It’s interesting when we start to take control of our lives.  We make a plan.  Sometimes it works; sometimes it doesn’t.  And we resign ourselves to being powerless.

Encountering adulthood

Then we get a bit older and we resolve to make things work.  And we do. When a plan threatens to come apart, we jump around and keep it altogether.  And feel very good for it.

Muddling through middle age

It’s only much later that we realize that we weren’t really keeping things together. We were feeling better. We were exploring other stories about ourselves in the world.

Not confronting the experiences of middle age

I see the converse too.  I know people who are brilliant at retelling a story as if the world does it’s bidding.  They can’t countenance a notion that sometimes the world really is not on your side.

They’ve never made the transition from that early stage of needing to be in control.  They’ve just learned to divert their strong need to be in control to a story that convinces .  .   . well, them.  It doesn’t convince anyone else. They are still aiming to feel better and they are willing to pervert reality to regain that feeling.
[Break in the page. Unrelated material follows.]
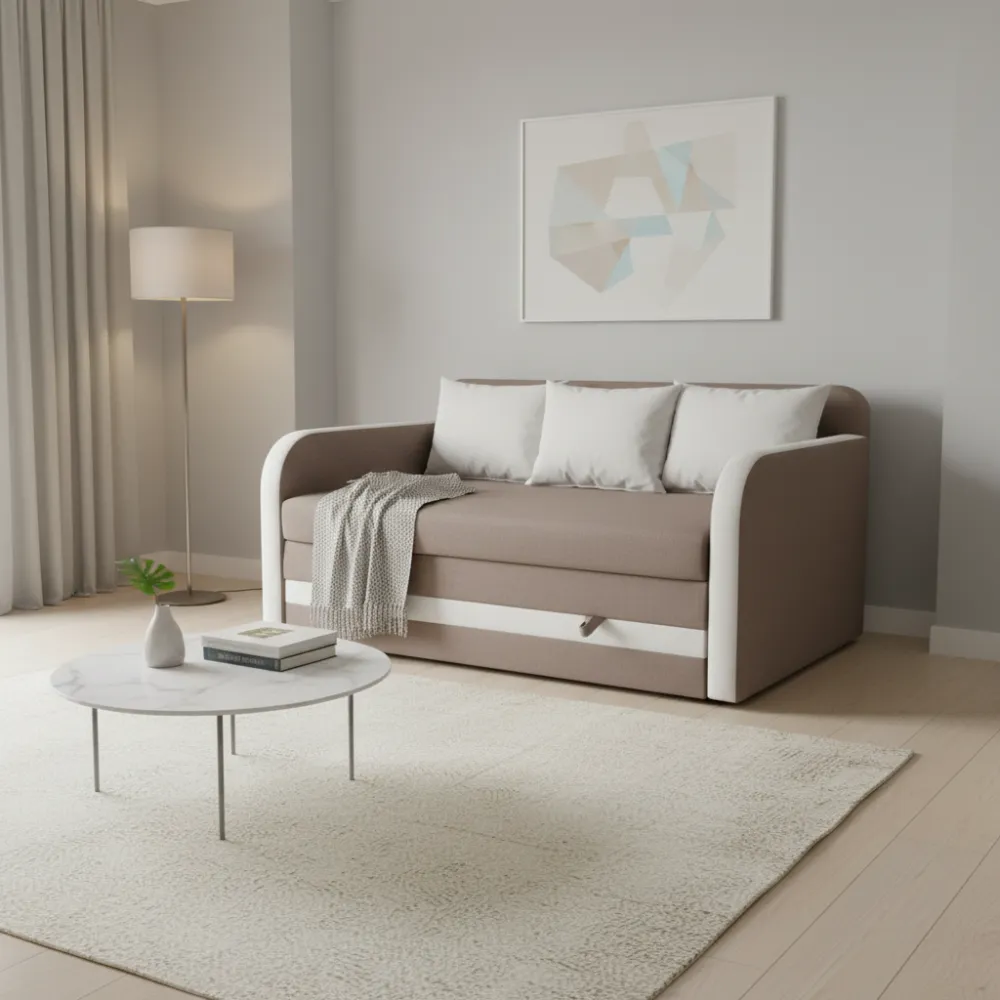 Функціональність: Зручний механізм трансформації дозволяє легко перетворити диван на повноцінне спальне місце розміром 120x200 см для комфортного відпочинку.

Living honestly with our lack of control

I can’t believe that this self-deception is a good thing.  Misreading the world is dangerous.  The world simply doesn’t do our bidding.

Our best bet is to position ourselves in the river and go with the current, steering lightly but not fighting.   It’s tough though. I still don’t like being washed along.  I have to reverse attitudes I worked so hard to learn.

But maybe I can achieve more through inaction?

There!  I still want to achieve.  Maybe by promising myself that prize, I can experiment with inaction and simply enjoy the river in all its tumultus chaos?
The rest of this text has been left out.